Reconnaissance moléculaire : de l'in silico à l'in vitro, et vice versa

Doctorant : Simon HUET
Directeur de thèse : Yves-Henri SANEJOUAND , Directeur de recherche CNRS
Financement : AFFILOGIC
Date de la soutenance : mercredi 30 septembre 2015, 10h00
Modalité :
Jury :

La reconnaissance moléculaire, ou formation spécifique de complexes entre molécules par l’intermédiaire d’interactions physico-chimiques, est un mécanisme d’action fondamental des protéines appliquées à un usage médical. Dans cette étude, nous explorons l’ingénierie rationnelle de cette fonction avec comme partenaire une nouvelle classe de protéines destinée à développer les médicaments de demain: les Nanofitines (NF). Dans l’objectif de guider les approches expérimentales (in vitro) par celles prédictives (in silico) dans une collaboration réciproque, ce manuscrit décrit successivement deux preuves de concept appliquées à des NF dirigées contre la protéine de fluorescence verte (GFP). La première approche, conçue pour l’humanisation de NF par transfert sur des protéines humaines, a consisté à isoler 11 résidus fonctionnels à greffer à partir de NF anti-GFP générées par ribosome display.

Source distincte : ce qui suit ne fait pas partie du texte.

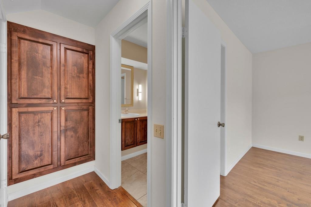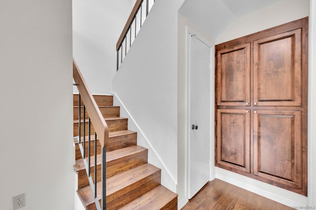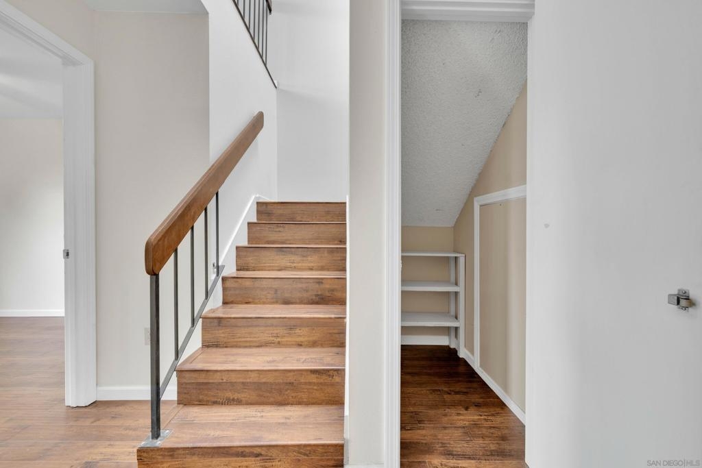 Beautifully remodeled & laid out townhome in highly desirable Friars Village! Dual pane windows, granite countertops, new kitchen cabinets, distressed flooring, stainless steel appliances, washer/dryer, new shower and so much more! USD across the street, bus line close, trolly station close by, shops, malls. Easy freeway access.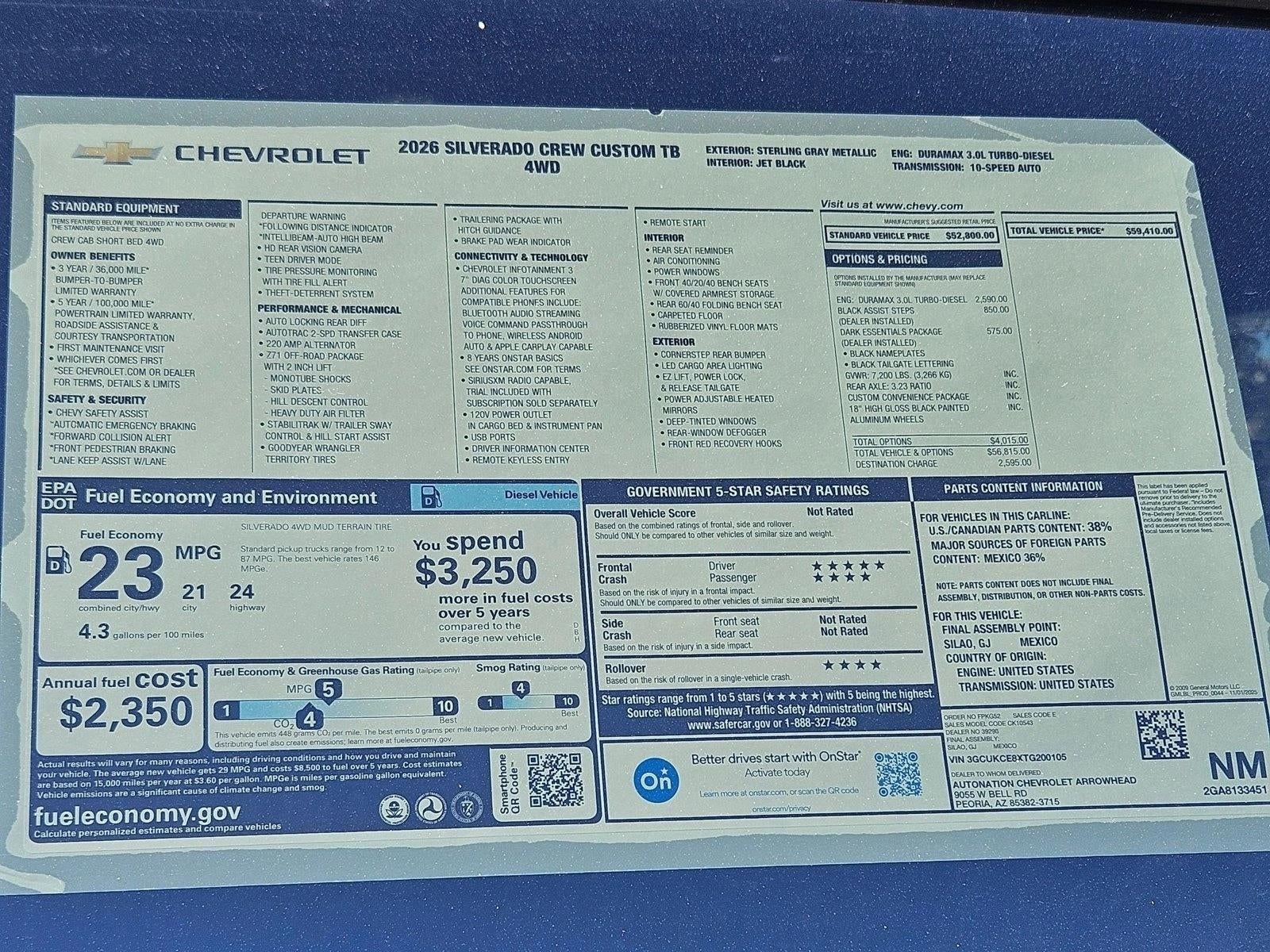 - Custom Trail Boss Preferred Equipment Group includes standard equipment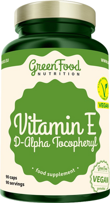 GreenFood Nutrition Vitamin E-D-Alpha Tocopheryl 90 kapsúlVšetko o produkteDoplňujúce informácieHodnotenie produktuVitamín E je skupina ôsmich rôznych zlúčenín, ktoré zahŕňajú tokoferoly a tokotrienoly. D-alfa-tokoferyl je prírodná forma vitamínu E a považuje sa za najúčinnejšiu biologickú formu tohto vitamínu. Pre svoje vlastnosti sa široko používa v potravinových doplnkoch.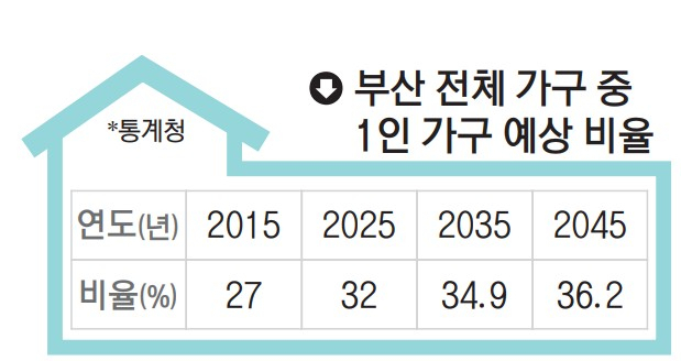 20일 통계청의 ‘2015~2045년 시·도별 장래가구특별추계’에 따르면 2025년 부산 전체 가구 중 1인 가구 비율은 32%까지 높아지는 것으로 예상됐다. 2015년은 27%로 넷 중 한 가구를 겨우 넘겼지만, 10년 만에 셋 중 한 가구 정도까지 늘어난다는 것이다. 2035년과 2045년에는 각각 34.9%와 36.2%로 계속 증가할 전망이다.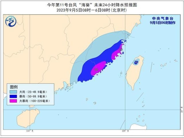 降水预报:9月5日08时至6日08时,福建大部、广东东部、江西东南部、浙江南部、台湾岛西北部等地部分地区有大到暴雨,其中,福建东部、广东东南部等地部分地区有大暴雨(100~220毫米)。上述部分地区伴有短时强降水(最大小时降雨量30~50毫米,局地可超过70毫米),局地有雷暴大风等强对流天气。

Le squelette du feuillet beta exposant ces acides aminés clés a ensuite été recherché dans une banque structurale pour identifier trois protéines humaines hôtes arborant un feuillet similaire (RMS ≤ 0,63Å). Une fois greffées des résidus clés des NF, ces protéines ont démontré une insolubilité ou une absence de fixation détectable à la GFP, contrairement à un homologue structural des NF. La seconde approche a visé à réaliser le design de novo de NF anti-GFP par modélisation moléculaire. Cette démarche, proposée comme alternative rationnelle complémentaire du procédé de sélection in vitro, a abouti à la découverte d’une NF dont l’épitope ciblé s’avère compatible avec les prédictions réalisées. Cette stratégie nécessitera d’être complétée afin d’optimiser l’affinité des NF générées de novo.